In a training class, I always find that a significant number of dogs (and their guardians, of course) have some trouble when it comes to learning/teaching how to lie down on cue.
Why Teach Lie Down Anyway?
If we can ask our dogs to lie down on cue, it can be really useful in terms of helping them relax and settle. Obviously, it’s great to have our dogs stay in one place and not leap all over the place or all over the furniture or our house guests, but for dogs who struggle to stay calm and maintain composure in a variety of contexts, teaching a long and settled down can really aid in lowering arousal.
We can extend this into location or boundary training too. Eventually we will have a dog who will settle and calm, no matter the context or scenario or distraction.
How Do We Train ‘Down?’
There are many ways to teach lie down. There’s not one specific route. Rather, it should be matched to the individual dog; learning has to be shaped for the dog you’re working with in order to gain maximum results, so be flexible.

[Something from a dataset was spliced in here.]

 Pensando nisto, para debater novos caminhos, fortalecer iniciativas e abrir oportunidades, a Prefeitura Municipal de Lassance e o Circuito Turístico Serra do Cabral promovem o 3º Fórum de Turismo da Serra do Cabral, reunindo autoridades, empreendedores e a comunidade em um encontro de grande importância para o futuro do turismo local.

A standard route might entail a basic lure and reward protocol:
- Start with the dog sitting.
- Take something you’re using as a reward that works well for the dog, such as a treat or toy, and let the dog sniff it and engage with it.
- Move the treat from the dogs nose and slowly down towards her front feet and then again slowly towards you, drawing a kind of ‘L’ shape as you do so.

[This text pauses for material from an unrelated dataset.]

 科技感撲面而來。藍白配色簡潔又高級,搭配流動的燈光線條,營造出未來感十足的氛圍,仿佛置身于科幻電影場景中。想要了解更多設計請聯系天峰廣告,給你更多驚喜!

- As your dog begins to follow the direction of your hand and is lured into a lie down, begin to say ‘down’ in a calm, happy voice.
- The moment your dog is flat on the floor, reward quickly with your chosen reinforcement.

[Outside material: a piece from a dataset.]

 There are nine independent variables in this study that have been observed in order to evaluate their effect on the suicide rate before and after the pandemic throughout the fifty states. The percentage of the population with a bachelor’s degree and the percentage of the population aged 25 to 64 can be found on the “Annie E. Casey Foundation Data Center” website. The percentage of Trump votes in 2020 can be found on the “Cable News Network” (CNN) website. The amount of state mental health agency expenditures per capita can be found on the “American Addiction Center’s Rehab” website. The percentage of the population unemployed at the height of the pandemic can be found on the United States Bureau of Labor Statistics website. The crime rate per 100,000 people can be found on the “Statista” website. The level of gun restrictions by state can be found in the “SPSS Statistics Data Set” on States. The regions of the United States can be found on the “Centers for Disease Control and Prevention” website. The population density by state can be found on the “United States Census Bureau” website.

But it doesn’t work! Yes, in class, we get some dogs working well and some dogs struggling. As I said, there are lots of ways to help our dogs achieve the end result, just as there are also reasons why a dog might not immediately adopt the posture we want.
As with all training, we’ve got to be very clear. If we don’t give clear instructions, how can our dogs learn anything new?
Too many distractions? Usually in a training class, of course, this is a big factor – especially for puppies. Cut back on distractions and the dog will be able to better focus on the task in hand. We need to be sure that the environment is made for learning. This means it is quiet and removed from other dogs, with no other toys, movement, things to grab, or people passing by.
Modify the Environment
Comfort: For some dogs, lying down is not particularly comfortable on hard surfaces. Think about those dogs with bony elbows, thin skin and fur. Ouch! Greyhounds, whippets, and lurchers are prime candidates here! Get some soft blankets, mats or fleece and try again.
Is lying comfortable for the dog? How does the dog normally lie down? For some dogs, lying with front paws out and back paws folded underneath isn’t natural. Is your dog one who lies totally flat, on her side, upside down or in a ‘frog’ position? If so, it’s perhaps a little uncomfortable to fold those legs right underneath, even more so if the dog has joint issues or chronic pain. I sometimes find slightly more ‘upright’ jointed breeds have more issues.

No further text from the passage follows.